Suspeitos de atentado a Lula são denunciados ao MP do Paraná

Publicado no Porém.net

A advogada Tânia Mandarino no MP do PR

O Ministério Público do Paraná já tem dez suspeitos do atentado a caravana do ex-presidente Lula. A denúncia foi feita pelo Coletivo Advogadas e Advogados pela Democracia (CAAD). A notícia crime que identifica as pessoas foi construída a partir de relatos que chegaram via e-mail e foram entregues ao procurador e coordenador do Centro de de Apoio de Direitos Humanos, Olympio de Sá Sotto Maior.

De acordo com a advogada Tânia Mandarino, o coletivo recebeu mais de cem emails com denúncias. O planejamento do atentado à caravana é um deles. Nas imagens printadas de uma conversa de Whatsapp e que foram entregues ao MP, os suspeitos conversam sobre a compra da arma que será utilizada e do artefato conhecido como miguelito, que serviria para furar os pneus dos ônibus.

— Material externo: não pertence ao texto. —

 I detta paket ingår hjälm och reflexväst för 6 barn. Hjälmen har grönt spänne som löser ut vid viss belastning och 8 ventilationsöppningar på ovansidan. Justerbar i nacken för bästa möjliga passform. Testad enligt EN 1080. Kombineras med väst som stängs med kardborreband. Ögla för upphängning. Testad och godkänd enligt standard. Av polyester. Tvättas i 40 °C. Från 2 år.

Na mensagem, uma suspeita pergunta. “Onde se arruma esses miguelitos”. Outro membro do grupo complementa com “Nao vamos dar chanse nem deles desseren do onibus (sic)”. Outro integrante explica como comprar arma que seria utilizada no atentado: “Vai na loja de arma compra uma puma 38 ou 44 é mais fácil que do q vc imagina (sic)”, orienta o homem que tem a identidade ainda sobre sigilo. De acordo com sites especialistas em armas, Puma se trata de uma “carabina de ação por alavanca, com ferrolho de duplo trancamento, percursor flutuante e cão exposto”.

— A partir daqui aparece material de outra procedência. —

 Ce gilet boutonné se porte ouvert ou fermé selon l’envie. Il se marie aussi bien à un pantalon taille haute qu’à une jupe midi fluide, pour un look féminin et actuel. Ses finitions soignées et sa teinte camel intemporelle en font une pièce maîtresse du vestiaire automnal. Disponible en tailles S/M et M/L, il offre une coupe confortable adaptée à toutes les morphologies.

Print anexado a notícia crime

O coletivo solicitou ao Ministério Público que o atentado seja considerado crime federal e pediu a prisão preventiva dos suspeitos, principalmente de um deles que possui diversas armas regularizadas e participa de movimentos de extrema direita. “Na denúncia, um suspeito é considerado de grande perigo, pois tem porte de armas e seria ligado ao MBL. Estamos considerando esse grupo como é formação de quadrilha, pois eles planejavam um atentado contra a caravana”, alerta Mandarino.

Além dos casos registrados no Paraná, o CAAD também vai relatar outros incidentes ocorrendo em Santa Catarina e o Rio Grande do Sul. O pedido é que o Ministério Público do Paraná encaminhe as denúncias para os Estados vizinhos. A notícia crime identificou 29 suspeitos.

Abertura de investigações

Já o procurador e coordenador do Centro de de Apoio de Direitos Humanos, Olympio de Sá Sotto Maior demonstrou preocupação com a escalada da violência no Brasil e no Paraná. Ele disse que é inadmissível que se aproximando do período eleitoral políticos sejam atacados por pensarem diferente. “A democracia sofre com esses tipo de atitude criminosa. Não dá pra se imaginar que amanhã o Alckmin venha ao Paraná, ou Bolsonaro, e aqueles que não os apoiem atuem no sentido de impedir o acesso, ou jogar pedras ou atirar. É uma barbárie inaceitável e o Ministério Público vai cumprir com sua função para que haja punição desses responsáveis”, esclarece o procurador.